"Holly" Gastrobar © Thomas Platt
Bild: Thomas Platt

Produktorientierte Küche in Berlin-Neukölln - "Holly" Gastrobar

Wie immer mehr Lokale wird auch das "Holly" in Berlin-Neukölln bloß von ein paar Leuten betrieben. Die wollen zusammen arbeiten wie Freunde, dabei keinen großen Apparat unterhalten, mit den entsprechenden Kosten und dem ganzen Papierkram hinten dran. Stattdessen konzentrieren sie sich aufs Wichtigste: gutes Essen und gutes Gastgeben. Die Reihenfolge dürfte dabei unerheblich sein.

Im Bistro am Ufer einer gepflasterten Neuköllner Seitenstraße sorgen die beiden Inhaber, die Wein- und Bier-Sommelière Fernanda Befi Lacordia aus Brasilien als Gastgeberin und der französische Koch Simon Guitard mit betont individuell konzipierten mediterranen Speisen und viel Fröhlichkeit für das anhaltende Wohl ihrer Gäste.

"Holly" Gastrobar © Thomas Platt
Bild: Thomas Platt

Impulse aus dem Fermentationslabor

Es gibt ein "4 Courses Tasting Menu" (59 Euro), bei dem die Vor- und Zwischenspeisen interessanter erscheinen als der Hauptgang. Bei den "Happen & und Vorspeisen" (zwischen 6 und 21 Euro) lernt man die Originalität der Küche besser kennen, zumal man mehr Details begegnet, die wie nahezu alles hier im Hause erzeugt werden. Insbesondere das Fermentationslabor steuert immer wieder Impulse bei, die ihre Wirkung nicht allein dem Sauertopf verdanken.

Vom hausgemachten Kartoffelbrot mit luftig gequirlter brauner Butter über die Kaltschale mit Roter Bete und karamellisiertem Miso bis zum Dessert, einem Himbeersorbet mit gerösteter, mit Hilfe des Koji-Pilzes transformierter Gerste enthalten nahezu alle Gerichte fermentierte Elemente. Zum Beispiel beim zu fein strukturierten, darum ein wenig klebrigen Rinder-Tartar (für dieses Ergebnis muss man es eigentlich nicht mit dem Messer zerkleinern, da kann man gleich den Fleischwolf nehmen) handelt es sich bei der Kartoffelmayonnaise und dem gepökelten Eigelb um einen wenig aufregenden Effekt.

Mehr ins Gewicht fällt die Miso-Crème zur gegrillten Aubergine, die mit einer weißen Schlange aus Labneh-Frischkäse bedeckt ist.
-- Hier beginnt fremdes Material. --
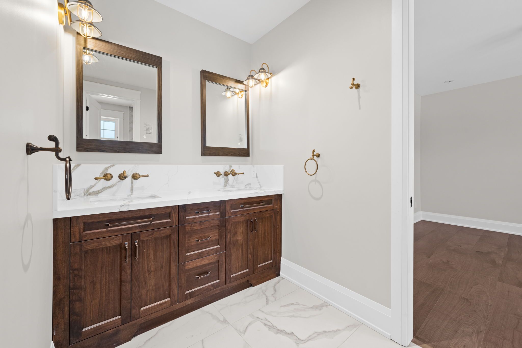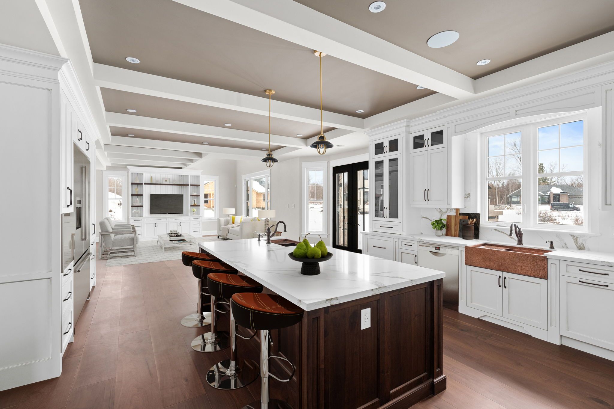 This thoughtfully designed, custom-built residence with full tarion warranty is set in one of the area's most established and desirable neighbourhoods, reflecting a strong focus on quality construction, material integrity, and long-term durability. Offering 5 bedrooms and 6 bathrooms, the home delivers a well-balanced layout that supports both daily living and entertaining. The main level is anchored by a professionally appointed kitchen featuring a full jenn-air appliance package, custom cabinetry and a separate butler's kitchen designed for efficiency and seamless hosting. Custom copper sinks are featured throughout all kitchen areas, including the main kitchen, butler's pantry and basement kitchen/bar. Extra-wide plank hardwood flooring flows throughout the home, complemented by coffered ceilings and clean-lined millwork that reinforce the home's classic architectural foundation with restrained modern detailing. A dedicated main-floor office provides a functional and private workspace. All bathrooms are finished with heated floors and durable, high-quality materials. The primary suite is a true retreat, highlighted by an exceptional en suite with spa-level finishes, thoughtful layout and a well-proportioned walk-in closet. The fully finished basement extends the living space and is well suited for entertaining or multi-generational living, complete with a kitchen/bar area, fireplace, and flexible recreation space. The exterior combines hardie board siding with limestone detailing, selected for both durability and timeless architectural appeal. Throughout the home, modern elements are intentionally restrained and grounded in classic design principles, resulting in a truly unique residence built to age exceptionally well over time.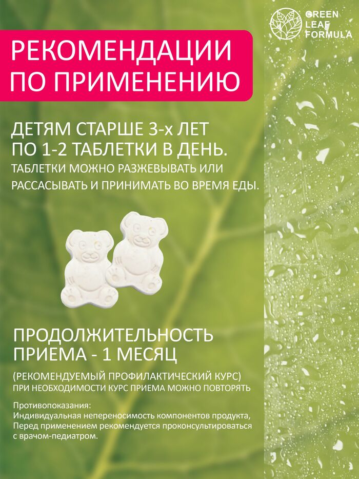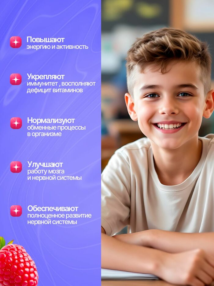 Жевательные таблетки имеют художественную форму и приятный малиновый вкус, что делает их особенно привлекательными для детей. Комплекс подходит для использования в периоды простудных заболеваний, при умственных и физических нагрузках, а также при несбалансированном питании.

"Holly" Gastrobar © Thomas Platt
Bild: Thomas Platt

Aufregendes Umami-Karamell

Prägend dagegen ist das Umami-Karamell im Gazpacho und richtig aufregend – ja, beinahe so, als ob sich eine Sprungfeder gelöst hätte – wird es in Gestalt fermentierter Erdbeeren im Pfirsich-Chili-Sorbet sowie als geröstetes Miso zum im Ofen gebackenen (zum Glück nicht panierten) französischen Camembert mit fleischigem Beten-Chutney. Trotzdem bildet sich insbesondere bei stärker von Milchsäure geprägten Komponenten so etwas wie ein Antipasti- oder Salateindruck, der einem allmählich über das ganze Angebot gebreitet vorkommt und es ein bißchen kleiner erscheinen lässt, als es tatsächlich ist.

Einseitiges Geschmacksbild trotz hohem Aufwand

Das, was sich Simon Guitard in seiner zurückgezogenen Art in der Küche erschafft, kann trotz hohem Aufwand lediglich auf das Geschmacksbild von Sauerkraut hinauslaufen. Sein gerösteter, teilweise mikrobiell vorverdauter Rettich mit Kohlrabi führt das exemplarisch vor – und zwar trotz Hollandaise, Rucolaöl, gepufftem Quinoa und Pastinakenpüree. Doch seine Lebensgefährtin Fernanda schafft es mit ungeheurer Freundlichkeit und großem intellektuellem Interesse, dass man von einem Abend im "Holly" nur die positiven Momente in Erinnerung behält.